Hojbjerg kam in 29 der bislang 36 Saisonspiele zum Einsatz, erzielte vier Tore, gab vier Torvorlagen. Ob er seinen Dienst in Southampton fortsetzt, lässt er offen. So wohl er sich bei den Saints fühlt, so vielversprechend die Zukunft mit Hasenhüttl als Trainer erscheint - den Gewinn von Titeln wird er dort kaum realisieren können. Der Klub gehört nur noch zu zwanzig Prozent den Erben aus der Schweizer Liebherr-Dynastie, 80 Prozent wurden 2017 an die chinesische Geschäftsfamilie Gao verkauft.

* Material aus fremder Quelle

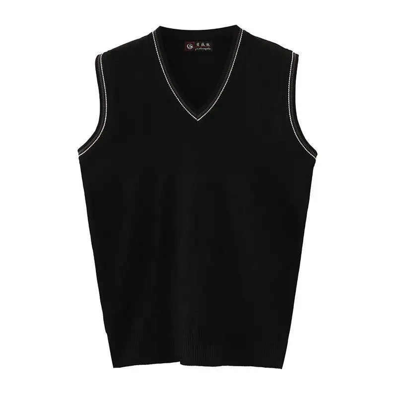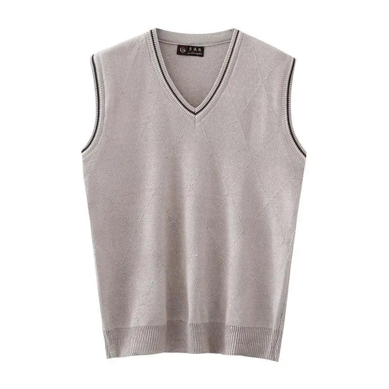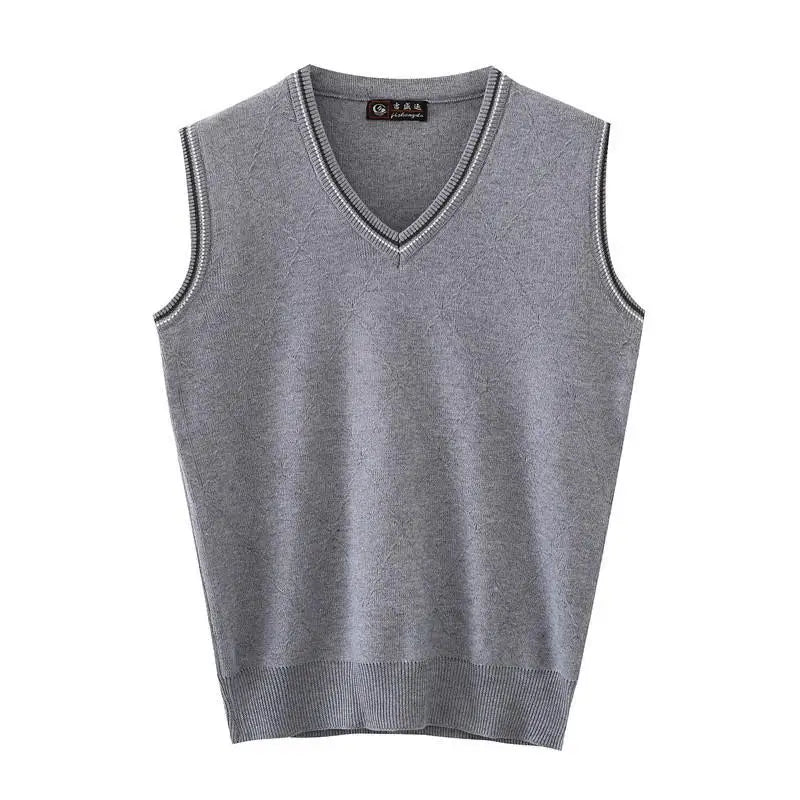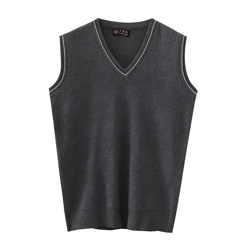 Autumn Winter Middle Aged Men Simple Classic Business Casual Sweater Vest Man V Neck Sleeveless Loose Pullover Knitted Waistcoat
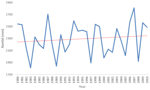 Fgure-7. Rainfall at Port-Harcourt for the period 1980 – 2010.
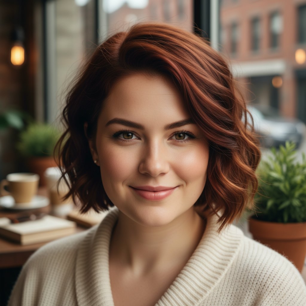 Adding volume near the crown with a shoulder-length cut can visually lift and elongate a round face.
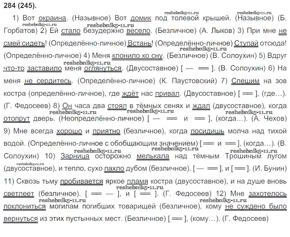 Готовая домашняя работа с ответами по Русскому языку за 8 класс Бархударов, Крючков, Максимов Учебник Просвещение 2018 ФГОС - Упражнения 284
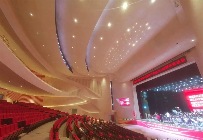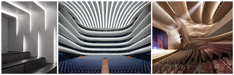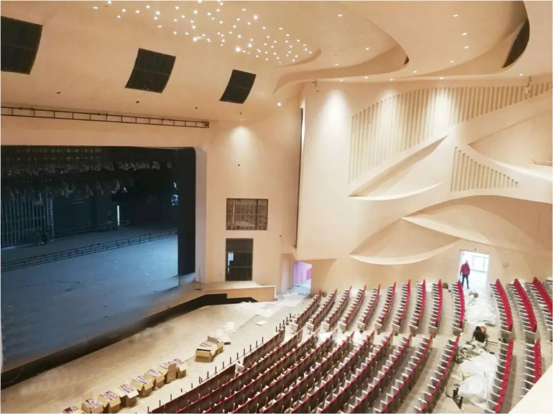 一般帶樓座和池座的劇院,樓座和池座的側墻和后墻都是用穿孔板吸收多余聲波,而我們采用了新的設計方案——GRG格柵加FGW吸音板“聚合微粒吸音板”相結合和方式,不同材質,不同顏色,不同高度,更增添了劇院的層次感。增加了劇場內聲音反射效果,以保證坐在后排的觀眾也能聽到最清晰的聲音,給觀眾帶來最好的視聽盛宴。大劇院觀眾廳墻面及頂面大面積材料均選用GRG板。它是一種特殊裝飾改良纖維石膏裝飾材料,采用預鑄式加工工藝,滿足三維曲面各種幾何形狀、鏤空花紋、浮雕圖案等藝術造型,造型的隨意性,使其成為要求個性化建筑師的首選,它獨特的材料構成方式足以抵御外部環境造成的破損、變形和開裂, 具有良好的聲學特性。
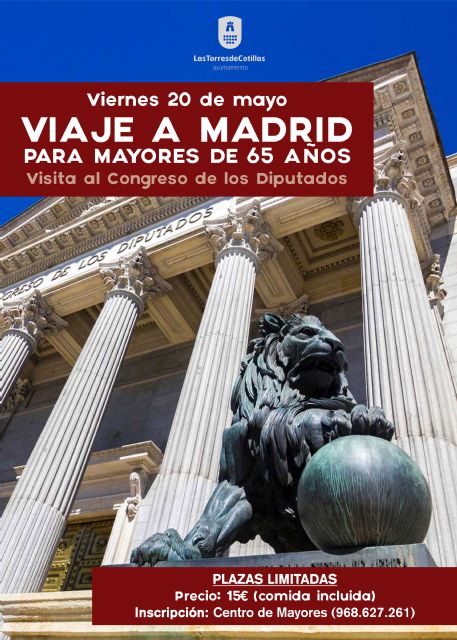 La Concejalía de Mayores de Las Torres de Cotillas ha organizado para el próximo viernes 20 de mayo un viaje a Madrid para mayores de 65 años, cuyo principal objetivo será visitar el Congreso de los Diputados. Con plazas limitadas, esta actividad tiene un coste de 15 euros por persona e incluye el desplazamiento de ida y vuelta en autobús, y la comida. Las inscripciones se pueden realizar ya en el centro social de mayores (968.627.261).
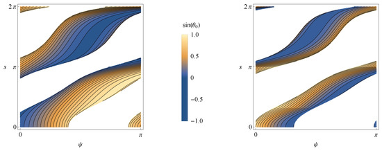 Taking into account that Equation (13) gives the values of s, and hence the energy levels, in terms of the triplet of parameters , then, according to (22), s will depend on the angular variables only. In general, we cannot solve (13) to find explicitly. Since (13) depends on four parameters , we cannot represent this equation in general but, as in Figure 1, we can plot the square root of the energy (essentially s) for given values of and as a function of .
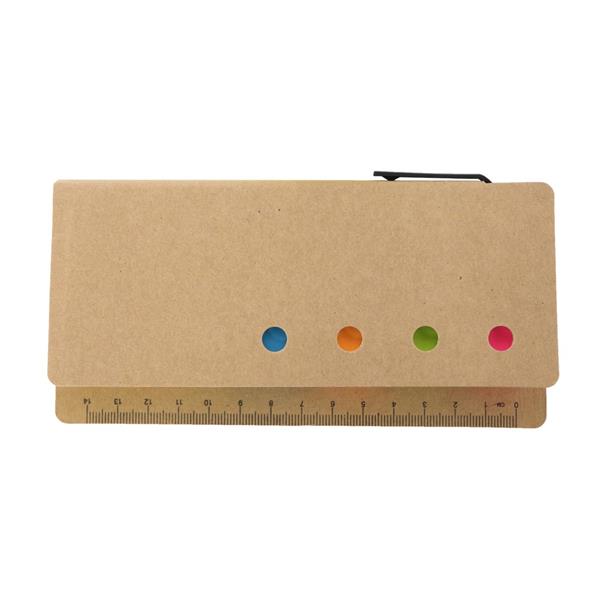 Zestaw do notatek, linijka (14 cm), 4 rodzaje małych karteczek samoprzylepnych (100 szt.) i 1 rodzaj większych, w komplecie długopis

Doch vor allem nährt sich der Klub von lukrativen Transfers. Hojbjerg könnte das nächste Beispiel dieser Hauspolitik sein, auch wegen seines eigenen Anspruchs: "Egal wo ich bin, ob in Southampton oder anderswo, ich muss jeden Tag spüren: Hier wird was getan, um Nummer Eins zu werden, um das Bestmögliche zu erreichen." Sein Ziel ist definiert: Er will noch einmal die Champions League erleben. 2013, als der FC Bayern im Finale gegen Dortmund siegte, war er, damals 17, ja nicht direkt dabei, nur in der Nähe.